Nothing but text lines should be duplicated: start with the first line of the listing below and stop after the line holding "I made sure", omitting pictures.

:: COLLECTED MATERIAL ::

# # #

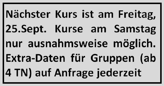 Der nächste Kurs findet dann wieder zum letzten Freitag im September, am FR, 25. Sept. 2020 statt! |
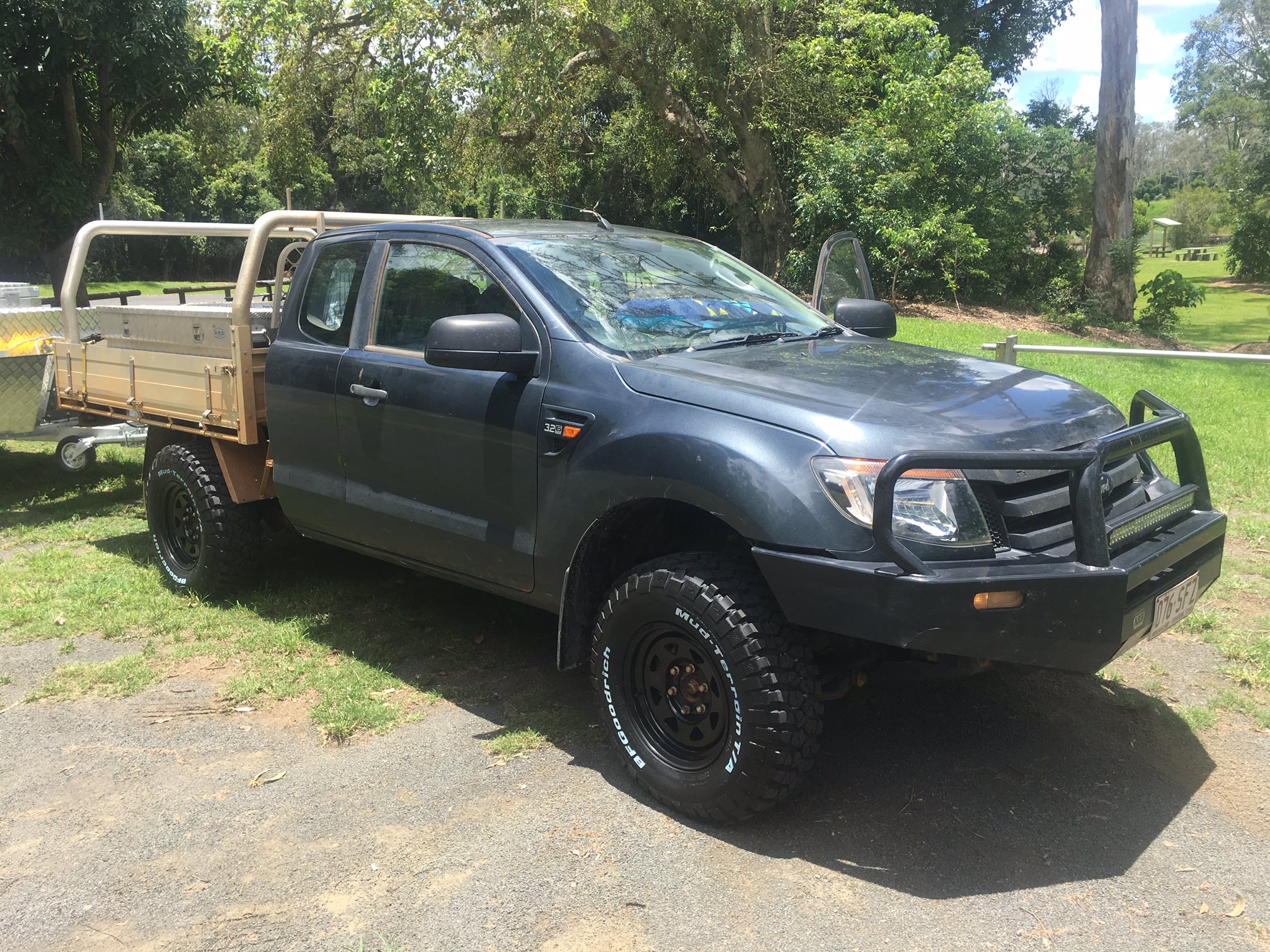 I made sure to get the exact same size tyres that are on my camper trailer. Although the tyres are on the camper are not mud tyres, they do have the same stud pattern. So now I carry 3 spares that are all interchangeable (two on the camper and one on the car).
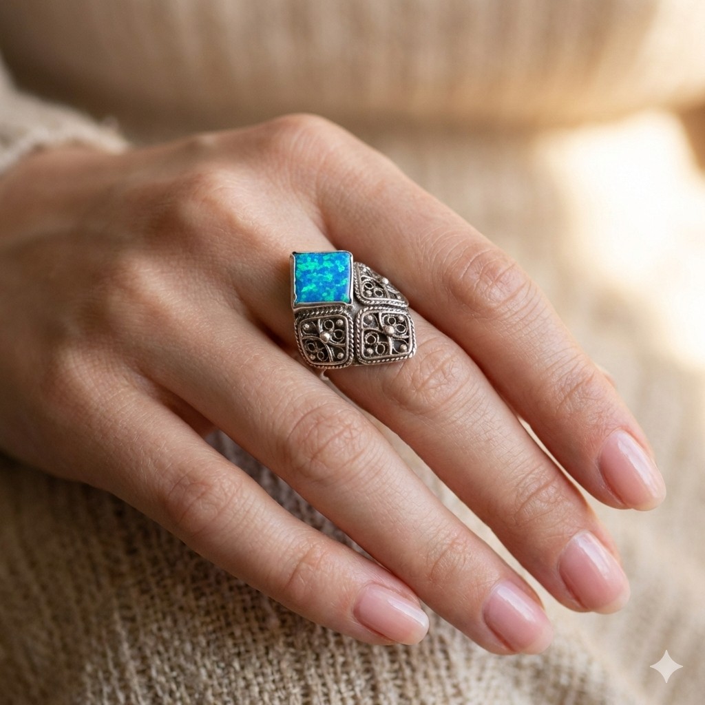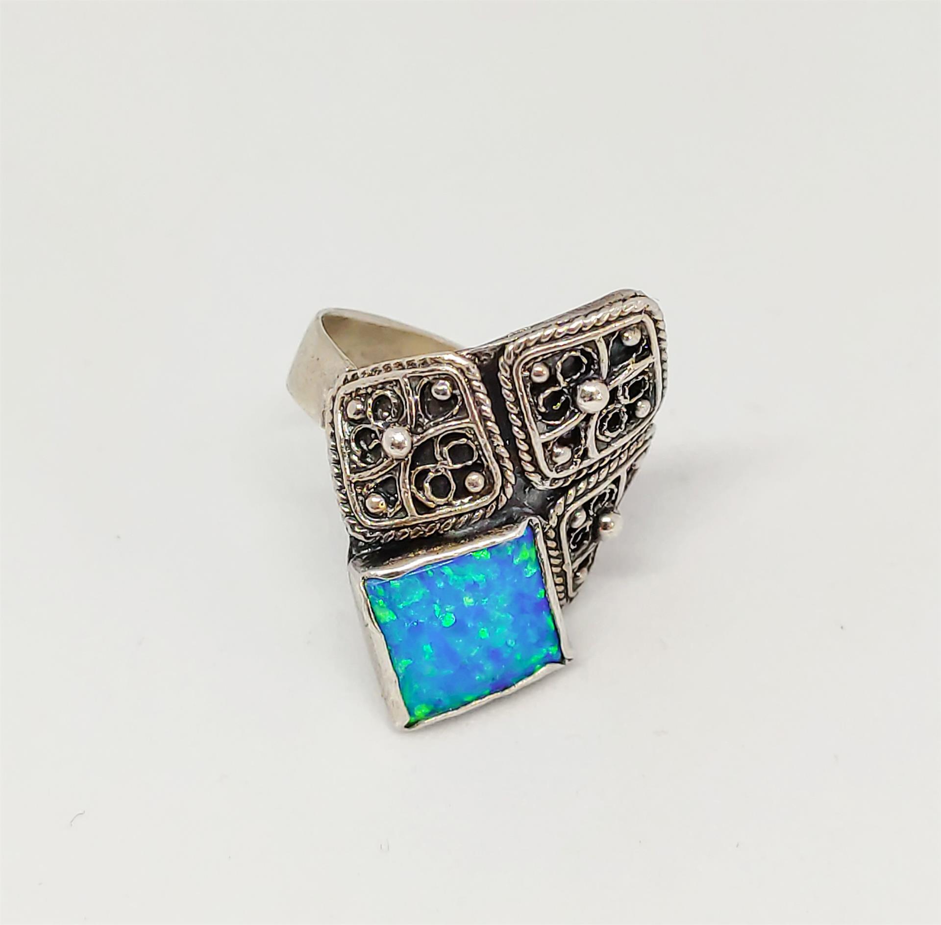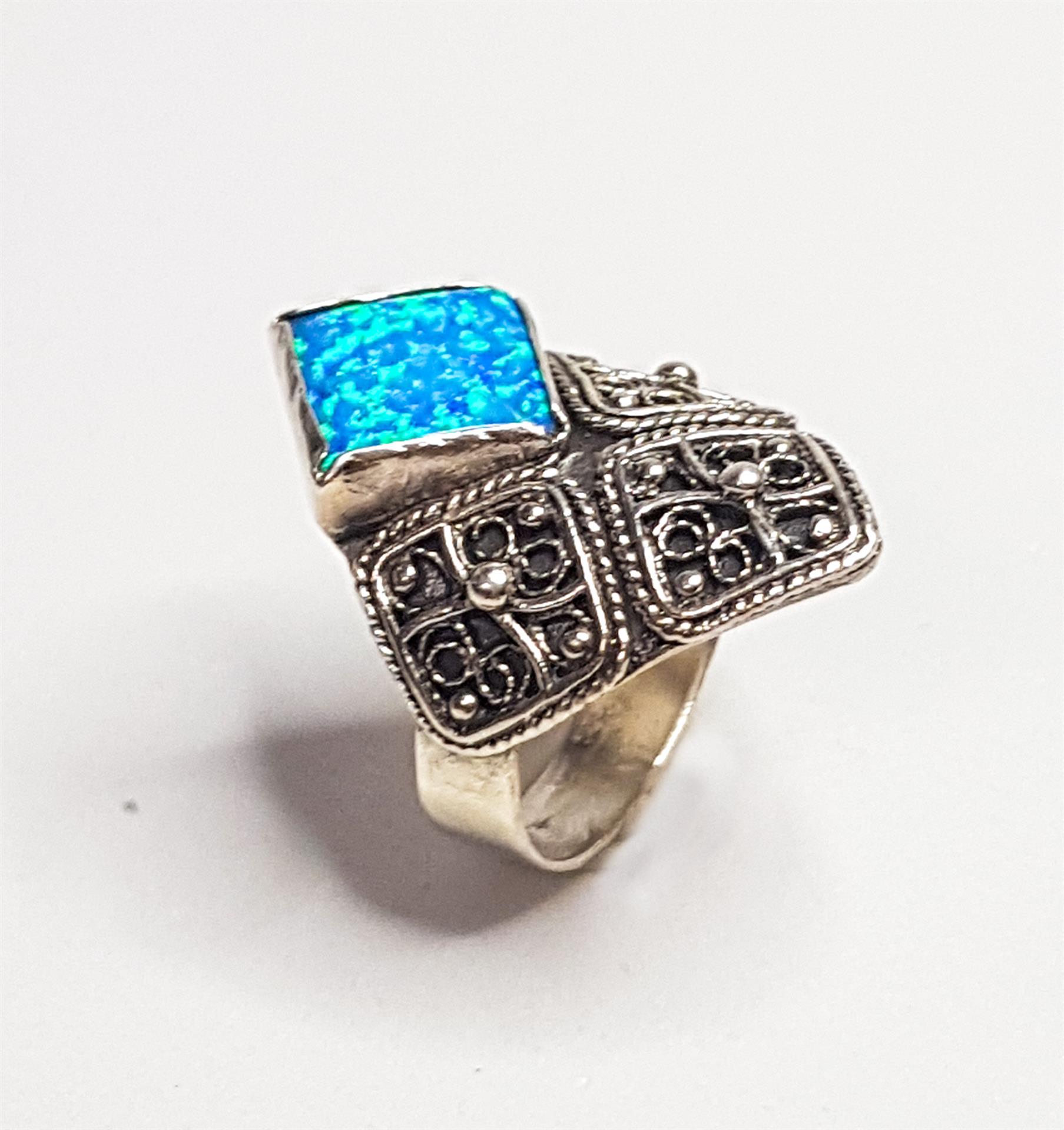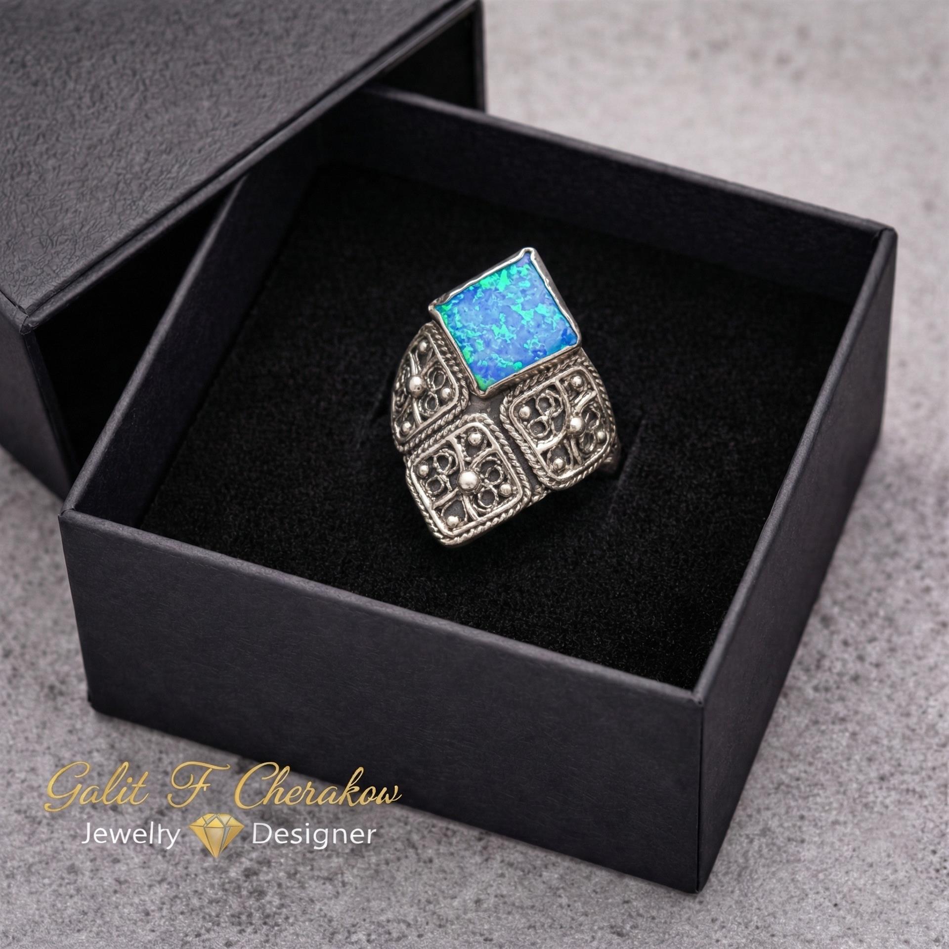 טבעת כסף 925 מעויין ואבן אופל תכלת היא תכשיט מהמם ומיוחד המשלב בתוכו את סגנון התימני המסורתי והאופנתי ביותר. עשויה מכסף 925, הטבעת מעניקה מראה מודרני ומלא ניצנוץ. השילוב הייחודי של עיצוב מעויין ואבן אופל תכלת מעניק לטבעת מראה מרהיב ומקורי. הפיליגרן המדהים המשלב פיתוחים עדינים ומורכבים משדרג את המראה הסופי שלה. טבעת זו היא פריט מושלם לשדרג כל לוק ולהוסיף נוכחות ויוקרה ליד היד. הטבעת מגיעה במידות שונות ומתאימה לכל אישה שמעוניינת להתפאר עם תכשיט מיוחד ואיכותי. כל תכשיט מגיע באריזת מתנה מהודרת ומוכן להפתעה ולהופיע כמתנה מושלמת ליקירי הלב. תפני את המבט של כל מי שסביבך והוסיפי ניצנוץ וקסם ליום יומך עם טבעת כסף 925 מעויין ואבן אופל תכלת.

# # #

:: TASK RESPONSE ::
 Der nächste Kurs findet dann wieder zum letzten Freitag im September, am FR, 25. Sept. 2020 statt! |
 I made sure to get the exact same size tyres that are on my camper trailer. Although the tyres are on the camper are not mud tyres, they do have the same stud pattern. So now I carry 3 spares that are all interchangeable (two on the camper and one on the car).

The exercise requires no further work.